**WHAT TO WORK ON**. Leave the pictures out, and repeat exactly each line from the one that holds "Klasyczne sztyblety z" through the final line of the entries below.

**DATA RECORDS**.

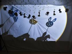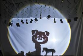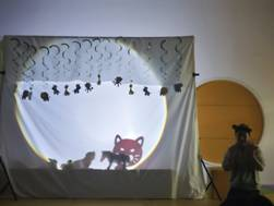 在这个充满趣味的光影剧场中,老师们用手部动作及动物模型投射出动物的影子。孩子们跃跃欲试来到背景布前,举起动物模型随着音乐摇摆、跳跃。无论是可爱的小熊,还是跳跃的小兔,孩子们的想象力就是最好的剧本。
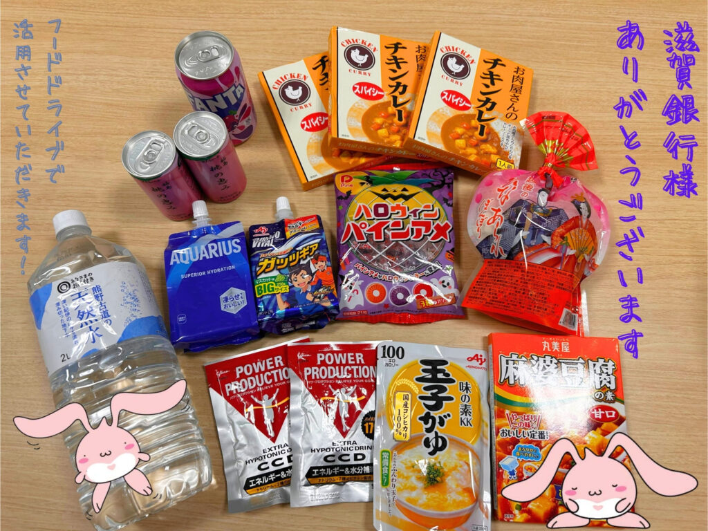 この度、株式会社滋賀銀行様より社員の皆さまの善意から集まった食品等をご寄付いただきました。
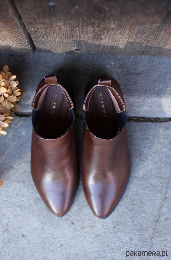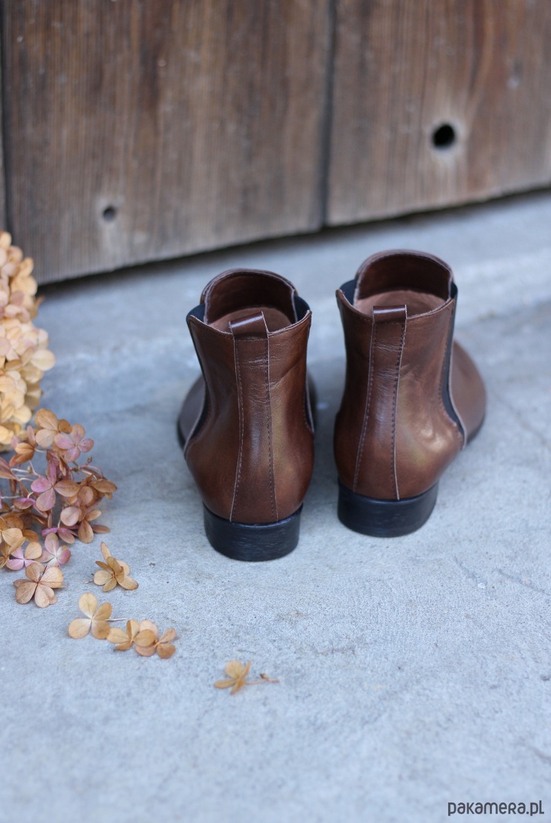 Klasyczne sztyblety z lekko wydłużonym noskiem wykonane ze skóry licowej w kolorze czekoladowym.
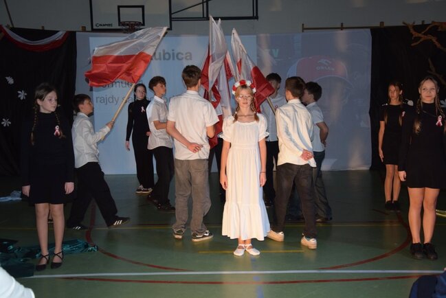 W piątek, 14 listopada, w Szkole Podstawowej im. Kardynała Stefana Wyszyńskiego w# Kruszynie społeczność gminy Sicienko spotkała się na obchodach Święta Nieodległości.
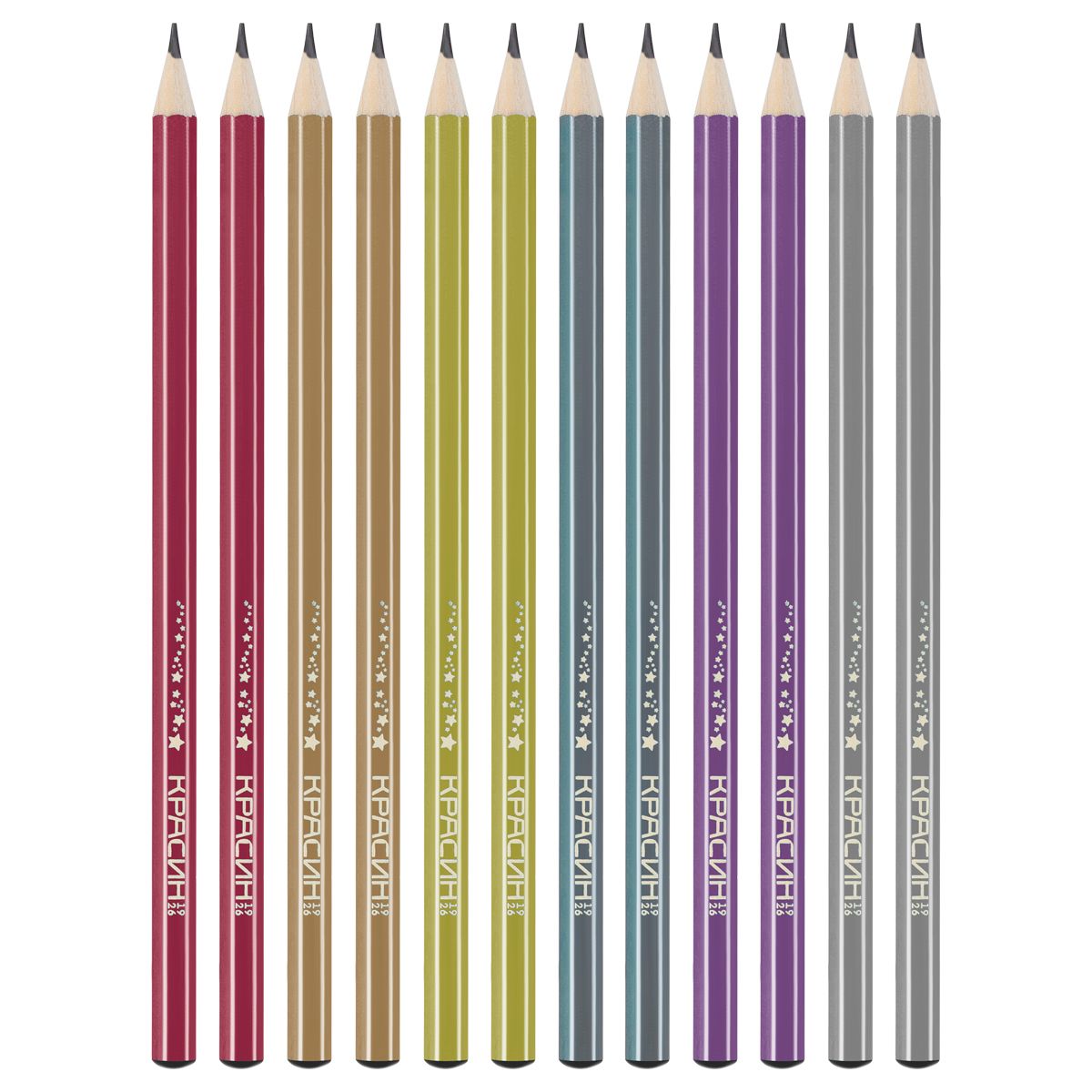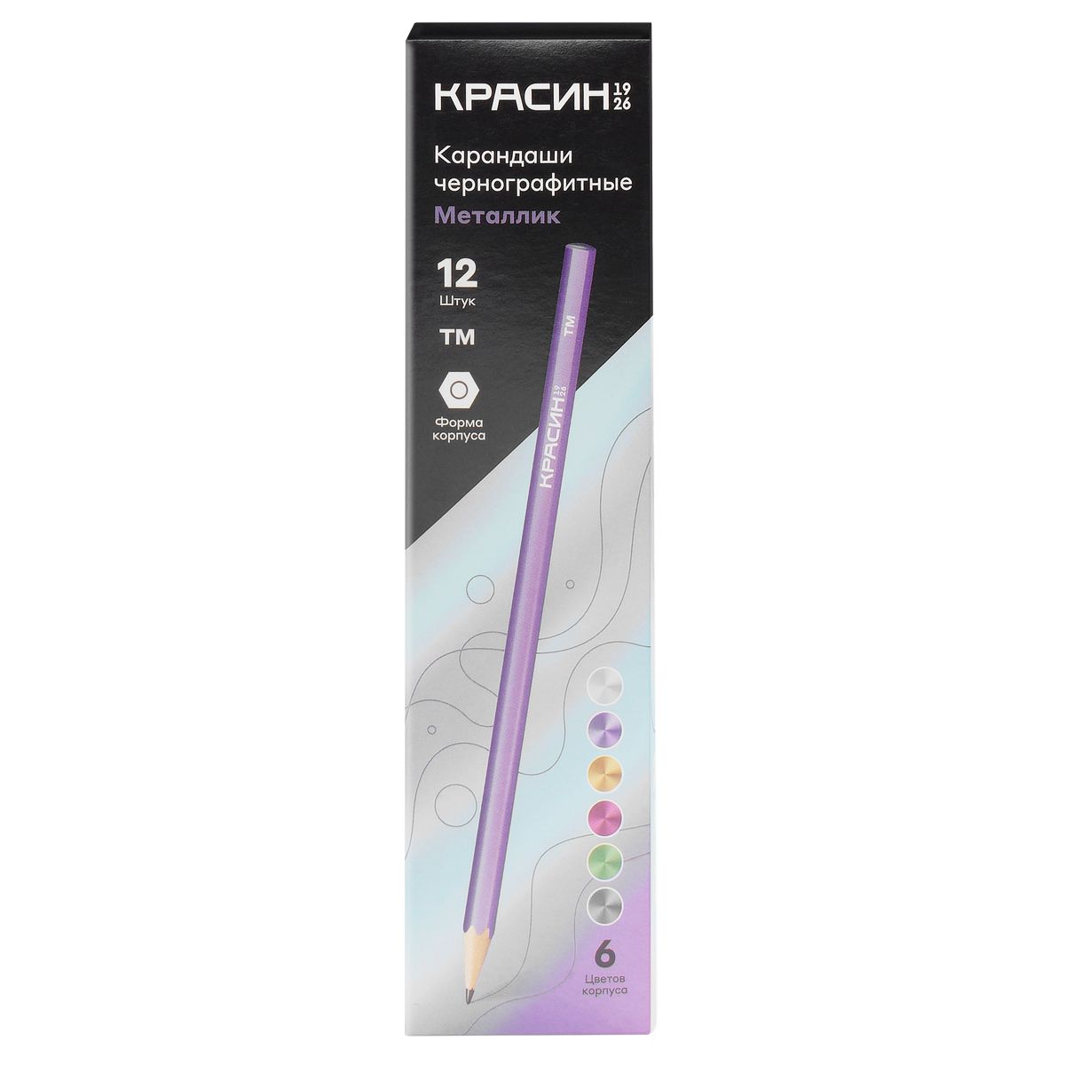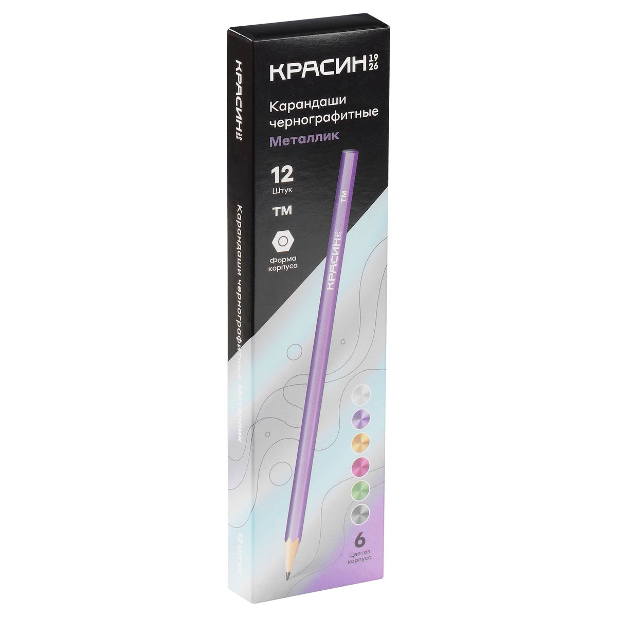 Карандаш ч/г Красин "Металлик" ТМ (НВ), шестигран., заточен., ассорти.

**OUTPUT FOR THIS EXERCISE**.
 Klasyczne sztyblety z lekko wydłużonym noskiem wykonane ze skóry licowej w kolorze czekoladowym.
 W piątek, 14 listopada, w Szkole Podstawowej im. Kardynała Stefana Wyszyńskiego w# Kruszynie społeczność gminy Sicienko spotkała się na obchodach Święta Nieodległości.
 Карандаш ч/г Красин "Металлик" ТМ (НВ), шестигран., заточен., ассорти.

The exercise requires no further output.